**TASK TO CARRY OUT**.
Write out exactly the lines from the one with "俞晖透露,基于OpenHar" through the last line of the data below, but not the pictures.

**DATASET CONTENT**.
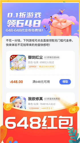哥们儿玩手游不想氪金还想过大佬瘾的话那你可来对地方了,这款0.01折游戏盒子变态版就是咱们游戏玩家的宝藏app。简单说这就是一个游戏超级商场,里面塞满了各种好玩的游戏。无论你喜欢的是带兵打仗的策略游戏、仙气飘飘的玄幻大作、还是轻松休闲的模拟经营,这里全都有绝对能找到你爱玩的那一款。其中最核心的福利是什么呢,那就是打折,在这儿充值能享受最低0.01折的逆天优惠,这意味着你花一点小钱,就能获得别人成百上千才能拿到的游戏资源。这还不够新用户上线直接白送648充值卡,每月月卡免费领,各种道具拿到手软,真正做到零氪也能当大佬,体验爽到飞起。平台还会经常搞活动,动不动就送各种好礼,让你的游戏之路惊喜不断。
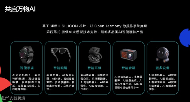 俞晖透露,基于OpenHarmony+海思芯片,还有第四范式强大的端侧能力,公司已经实现了有效落地,开发出智能手表、智能眼镜、智能耳机、智能音箱等一系列AI智能硬件产品。同时,不止于此,未来还将有无限可能的新品类陆续问世。
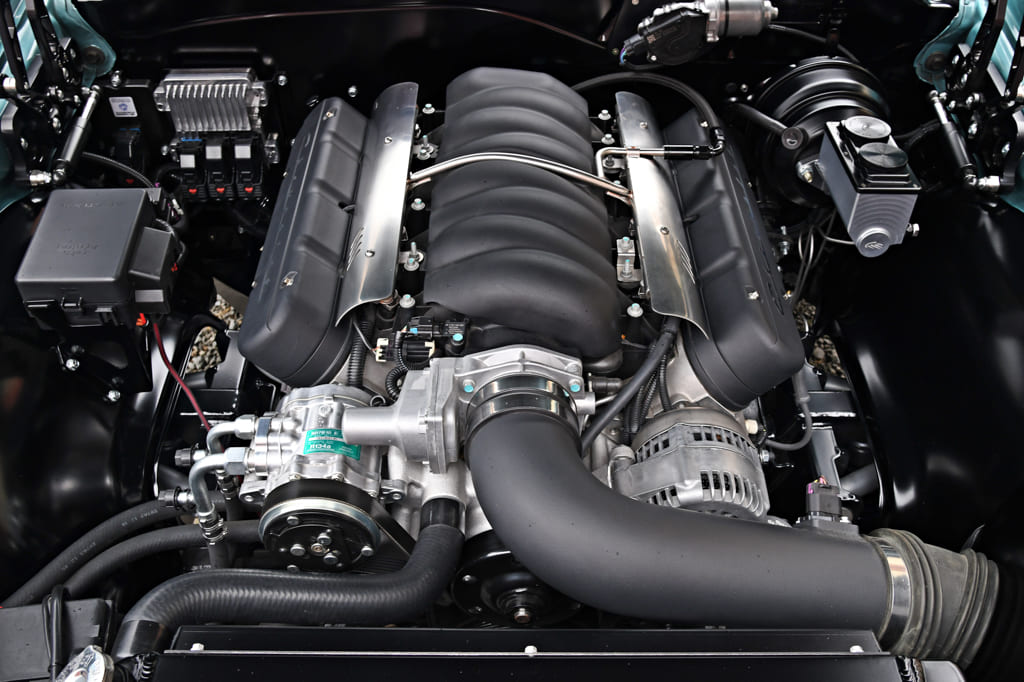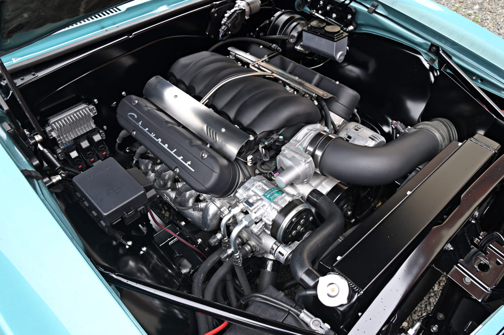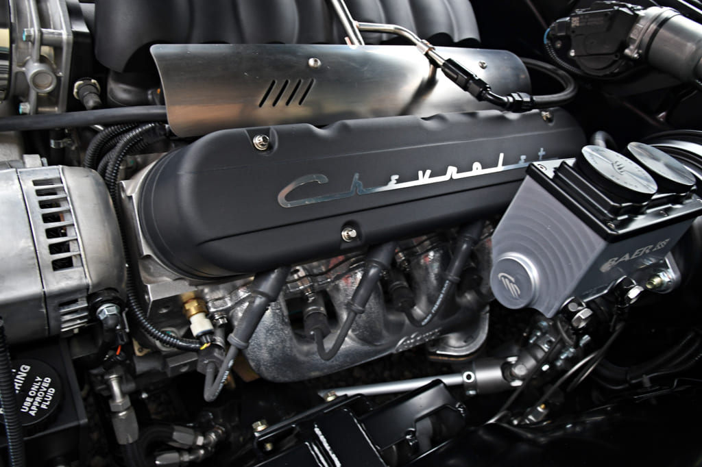 The Steel Town crew was impressed with the paint- and bodywork, however, some minor modifications were needed to fit the body over the new ’rails. To prepare for the fresh Chevrolet Performance LS3/4L65E drivetrain, the crew cleaned up the engine bay and smoothed the firewall. It was then refinished in Sikkens Pure Black satin paint to give it that vintage Chevy appearance.
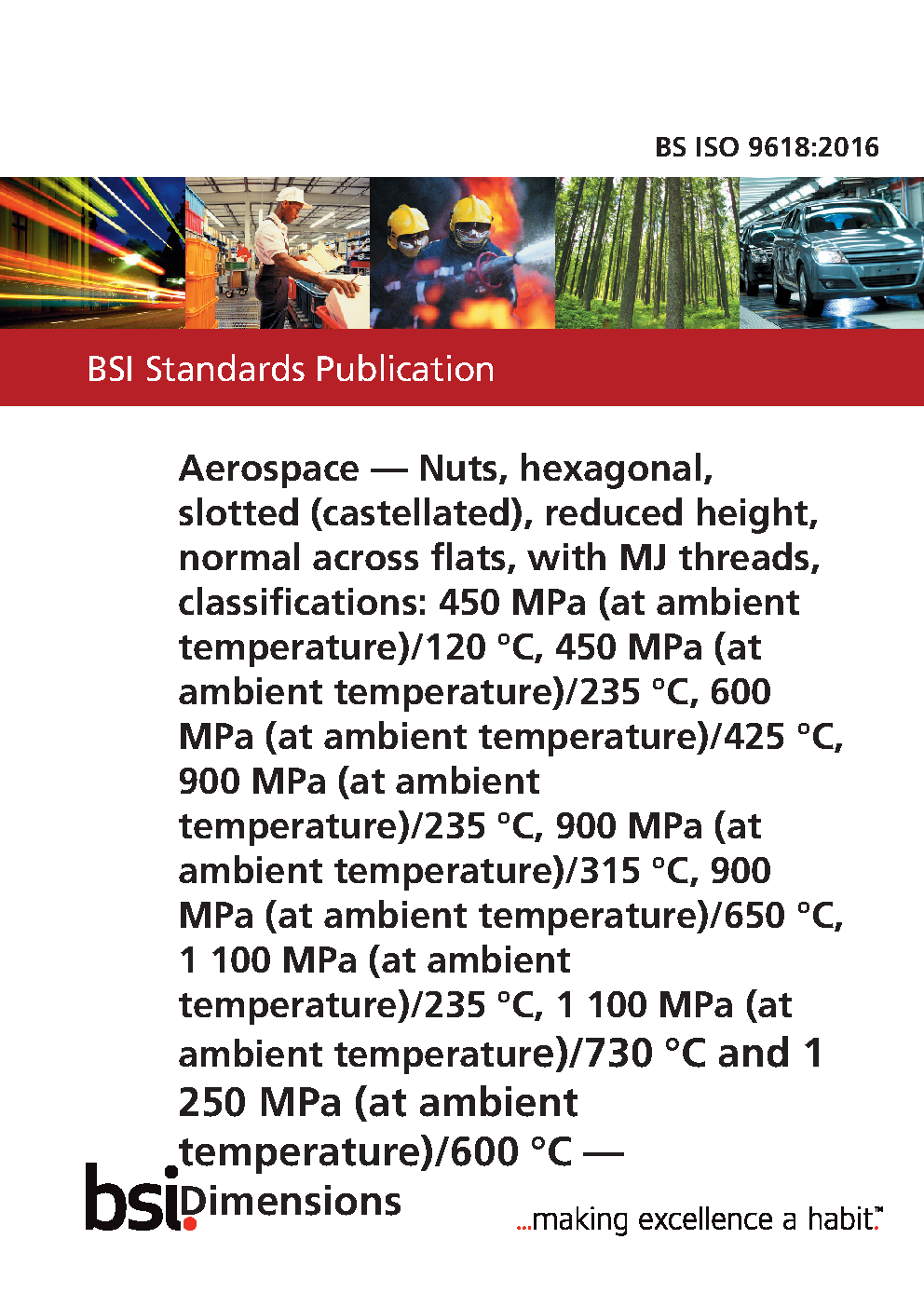 Aerospace. Nuts, hexagonal, slotted (castellated), reduced height, normal across flats, with MJ threads, classifications: 450 MPa (at ambient temperature)/120 °C, 450 MPa (at ambient temperature)/235 °C, 600 MPa (at ambient temperature)/425 °C, 900 MPa (at ambient temperature)/235 °C, 900 MPa (at ambient temperature)/315 °C, 900 MPa (at ambient temperature)/650 °C, 1 100 MPa (at ambient temperature)/235 °C, 1 100 MPa (at ambient temperature)/730 °C and 1 250 MPa (at ambient temperature)/600 °C. Dimensions

**ANSWER SPACE**.
 俞晖透露,基于OpenHarmony+海思芯片,还有第四范式强大的端侧能力,公司已经实现了有效落地,开发出智能手表、智能眼镜、智能耳机、智能音箱等一系列AI智能硬件产品。同时,不止于此,未来还将有无限可能的新品类陆续问世。
 The Steel Town crew was impressed with the paint- and bodywork, however, some minor modifications were needed to fit the body over the new ’rails. To prepare for the fresh Chevrolet Performance LS3/4L65E drivetrain, the crew cleaned up the engine bay and smoothed the firewall. It was then refinished in Sikkens Pure Black satin paint to give it that vintage Chevy appearance.
 Aerospace. Nuts, hexagonal, slotted (castellated), reduced height, normal across flats, with MJ threads, classifications: 450 MPa (at ambient temperature)/120 °C, 450 MPa (at ambient temperature)/235 °C, 600 MPa (at ambient temperature)/425 °C, 900 MPa (at ambient temperature)/235 °C, 900 MPa (at ambient temperature)/315 °C, 900 MPa (at ambient temperature)/650 °C, 1 100 MPa (at ambient temperature)/235 °C, 1 100 MPa (at ambient temperature)/730 °C and 1 250 MPa (at ambient temperature)/600 °C. Dimensions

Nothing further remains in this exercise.